The NFL has set aside one day a week to be the main event. It's Sunday. And the NFL is intentional about playing games on Sundays. Why? Professional football began in 1920 with the American Professional Football Association (APFA). During that time college football was already massively popular — even more than professional football. However, college football was played on Saturdays. The APFA knew that they couldn’t compete with its popularity and so they looked for a different time. Sunday was wide open.

One of the reasons Sundays were available was because of blue laws — “Sunday laws.” These were laws that restricted or banned activities on Sundays. Even in the United States the Supreme Court has often upheld blue laws which help contribute to the free exercise of religion. In fact, it's still illegal in several states to sell cars on Sunday. A prohibition traced back to the blue laws.

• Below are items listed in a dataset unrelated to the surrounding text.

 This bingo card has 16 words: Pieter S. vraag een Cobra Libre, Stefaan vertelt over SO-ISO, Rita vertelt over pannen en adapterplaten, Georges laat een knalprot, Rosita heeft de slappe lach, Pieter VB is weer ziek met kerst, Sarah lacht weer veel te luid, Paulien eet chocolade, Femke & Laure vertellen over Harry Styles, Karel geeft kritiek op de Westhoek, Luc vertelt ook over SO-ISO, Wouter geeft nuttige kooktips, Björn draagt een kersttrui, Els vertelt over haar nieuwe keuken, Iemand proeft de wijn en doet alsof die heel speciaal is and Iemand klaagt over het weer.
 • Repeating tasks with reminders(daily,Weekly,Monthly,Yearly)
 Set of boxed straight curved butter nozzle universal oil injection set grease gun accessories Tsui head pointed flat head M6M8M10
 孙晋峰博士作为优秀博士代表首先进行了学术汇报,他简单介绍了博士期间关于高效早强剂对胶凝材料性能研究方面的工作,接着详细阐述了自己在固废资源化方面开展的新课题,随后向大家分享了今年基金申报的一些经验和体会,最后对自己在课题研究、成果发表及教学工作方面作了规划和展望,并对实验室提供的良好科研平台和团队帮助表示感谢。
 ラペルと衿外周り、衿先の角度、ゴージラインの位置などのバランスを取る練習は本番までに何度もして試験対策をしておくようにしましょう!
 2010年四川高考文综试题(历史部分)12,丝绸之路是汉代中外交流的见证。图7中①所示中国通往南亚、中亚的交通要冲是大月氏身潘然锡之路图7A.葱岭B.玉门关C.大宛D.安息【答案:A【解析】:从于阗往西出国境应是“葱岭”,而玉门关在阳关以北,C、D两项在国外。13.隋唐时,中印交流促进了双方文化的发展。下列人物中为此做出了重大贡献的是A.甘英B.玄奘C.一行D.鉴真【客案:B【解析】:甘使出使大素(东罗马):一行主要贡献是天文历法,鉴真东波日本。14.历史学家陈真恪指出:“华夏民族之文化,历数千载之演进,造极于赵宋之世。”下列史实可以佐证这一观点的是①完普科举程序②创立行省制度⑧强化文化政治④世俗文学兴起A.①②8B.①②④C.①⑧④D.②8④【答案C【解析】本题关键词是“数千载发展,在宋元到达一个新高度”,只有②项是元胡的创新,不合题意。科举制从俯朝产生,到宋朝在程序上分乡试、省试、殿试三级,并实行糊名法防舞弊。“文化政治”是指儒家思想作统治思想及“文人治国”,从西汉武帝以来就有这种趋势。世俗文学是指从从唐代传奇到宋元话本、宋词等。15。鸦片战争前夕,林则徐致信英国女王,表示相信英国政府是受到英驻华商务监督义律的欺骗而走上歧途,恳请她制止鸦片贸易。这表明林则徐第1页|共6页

In the early twentieth century professional sports began to crack through the blue laws. This first happened with baseball and led to cities like Chicago, St. Louis, and Cincinnati legalizing Sunday baseball. This was advantageous for sports. Because Sunday was a day people typically had off of work, baseball was able to maximize attendance and profit and often played doubleheaders. Sunday also proved a good for professional football for the same reason.

In 1939 NBC broadcast the first NFL game between the Philadelphia Eagles and Brooklyn Dodgers. Initially, the NFL didn't do well on television and even ranked behind the Canadian Football League in the 1950s. But the NFL got smart and figured out how to use television broadcasting to their advantage and in the 1960s they would surpass the popularity of Major League Baseball. In 1961 Congress passed the Sports Broadcasting Act. Basically, the law banned the NFL from being able to broadcast games during the fall on Fridays and Saturdays — or at least from the second Friday of September until the second Saturday of December. This was in order to protect high school and college games as one was played on Friday and the other Saturday.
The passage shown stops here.